### Your objective
What you return should be the full listing, word for word, without a single image.

### Supplied data

==================================================

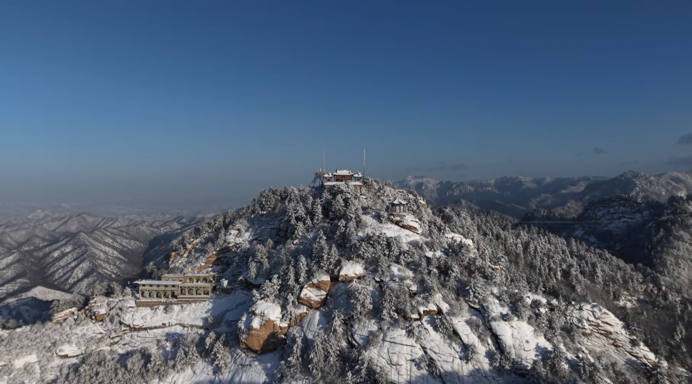 空中俯瞰可见,北武当山的峰峦、林木、山间建筑被白雪全覆盖,无一处裸露,阳光照射下,积雪表面反射出细碎的光,无云雾遮挡,整座山体的景致一目了然,远处峰峦连绵不绝,近处雪凇密集整齐,高低错落、疏密有致,构成一幅简洁而壮观的北国冬日画卷。
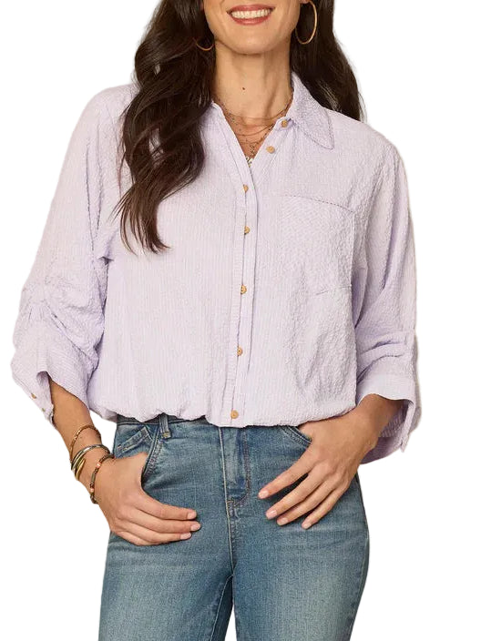 Democracy upgraded the classic button down shirt and given it fresh design elements. This woven style has three quarter tucked sleeves, an embroidered scallop pocket, bubble hem, spliced stripes, and a fun, crinkled texture.
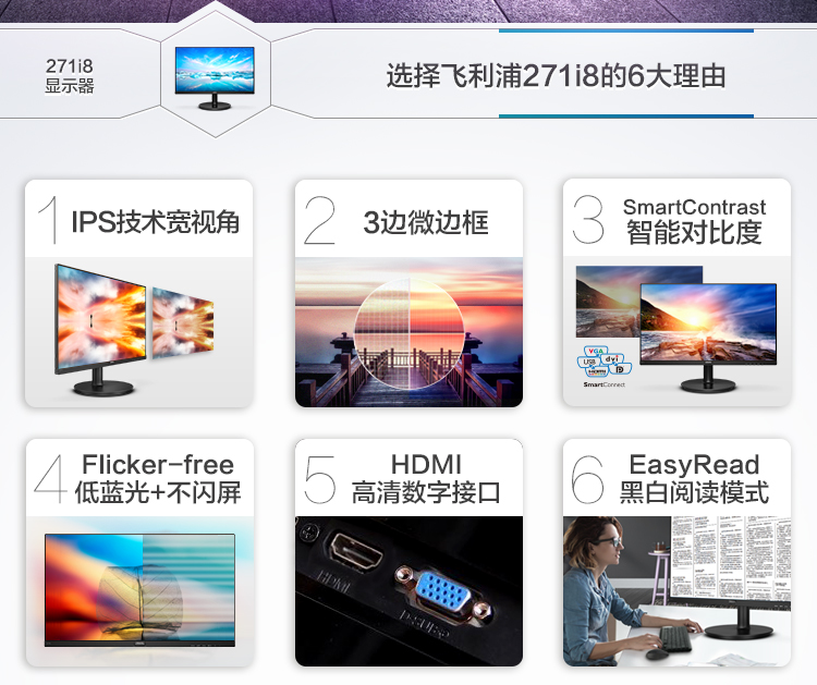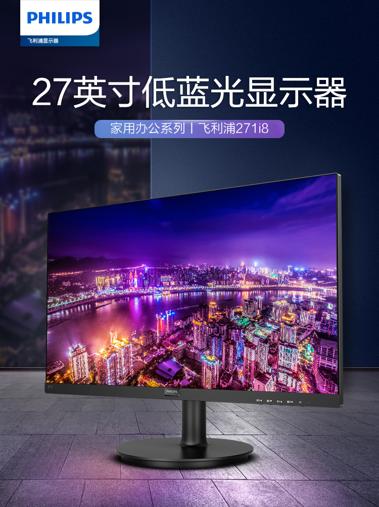 ¥1799.00飞利浦 27英寸 LGD-IPS悬浮全面屏 2K 超薄 75Hz 131%sRGB广色域金属支架底座高清设计娱乐办公显示器 275E9
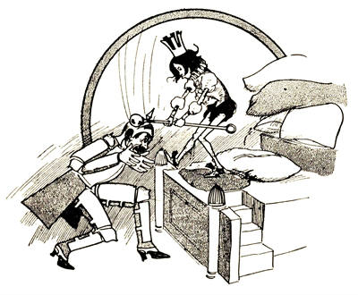 "To be sure the castle is vacant at present, for our King is long since dead," the soldier replied. "But we are patiently awaiting the arrival of his successor. There is a prophecy that our next ruler will be a King who is wise and just, but not made of flesh and blood, and although this seems [Pg 304]an impossible thing, our people hope that the prophecy will some day be fulfilled."

==================================================

### Solution for this task
 空中俯瞰可见,北武当山的峰峦、林木、山间建筑被白雪全覆盖,无一处裸露,阳光照射下,积雪表面反射出细碎的光,无云雾遮挡,整座山体的景致一目了然,远处峰峦连绵不绝,近处雪凇密集整齐,高低错落、疏密有致,构成一幅简洁而壮观的北国冬日画卷。
 Democracy upgraded the classic button down shirt and given it fresh design elements. This woven style has three quarter tucked sleeves, an embroidered scallop pocket, bubble hem, spliced stripes, and a fun, crinkled texture.
 ¥1799.00飞利浦 27英寸 LGD-IPS悬浮全面屏 2K 超薄 75Hz 131%sRGB广色域金属支架底座高清设计娱乐办公显示器 275E9
 "To be sure the castle is vacant at present, for our King is long since dead," the soldier replied. "But we are patiently awaiting the arrival of his successor. There is a prophecy that our next ruler will be a King who is wise and just, but not made of flesh and blood, and although this seems [Pg 304]an impossible thing, our people hope that the prophecy will some day be fulfilled."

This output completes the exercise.